=== Begin Enclosure ===
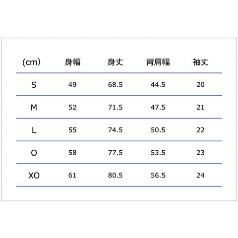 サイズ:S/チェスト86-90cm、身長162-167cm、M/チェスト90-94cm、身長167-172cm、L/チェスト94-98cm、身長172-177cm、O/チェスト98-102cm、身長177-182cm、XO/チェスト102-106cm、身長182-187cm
=== End Enclosure ===
=== Begin Enclosure ===
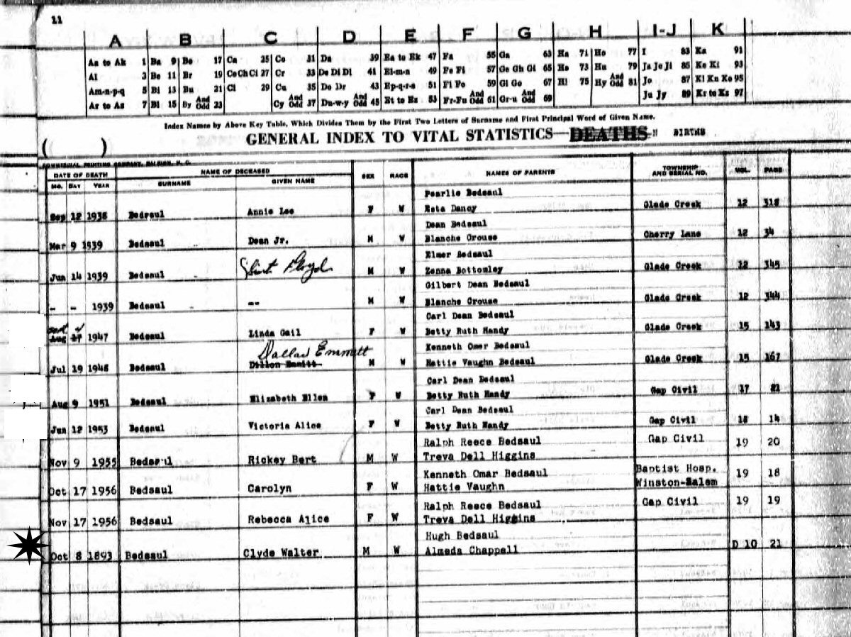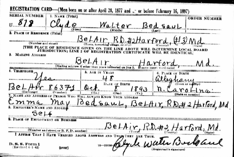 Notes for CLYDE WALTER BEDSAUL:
=== End Enclosure ===
=== Begin Enclosure ===
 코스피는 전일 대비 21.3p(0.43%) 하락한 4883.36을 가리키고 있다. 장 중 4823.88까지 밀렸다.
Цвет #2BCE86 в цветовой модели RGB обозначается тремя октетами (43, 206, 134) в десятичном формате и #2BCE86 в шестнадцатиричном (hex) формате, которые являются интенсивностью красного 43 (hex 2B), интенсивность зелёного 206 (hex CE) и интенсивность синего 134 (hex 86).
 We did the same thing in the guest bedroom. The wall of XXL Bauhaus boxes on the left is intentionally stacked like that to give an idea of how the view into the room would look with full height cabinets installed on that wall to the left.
=== End Enclosure ===
* **Task item**
Produce only the lines from the line containing "Цвет #2BCE86 в" through the line containing "We did the same", inclusive of both, exactly as they stand in the entries above.

* **Written response**
Цвет #2BCE86 в цветовой модели RGB обозначается тремя октетами (43, 206, 134) в десятичном формате и #2BCE86 в шестнадцатиричном (hex) формате, которые являются интенсивностью красного 43 (hex 2B), интенсивность зелёного 206 (hex CE) и интенсивность синего 134 (hex 86).
 We did the same thing in the guest bedroom. The wall of XXL Bauhaus boxes on the left is intentionally stacked like that to give an idea of how the view into the room would look with full height cabinets installed on that wall to the left.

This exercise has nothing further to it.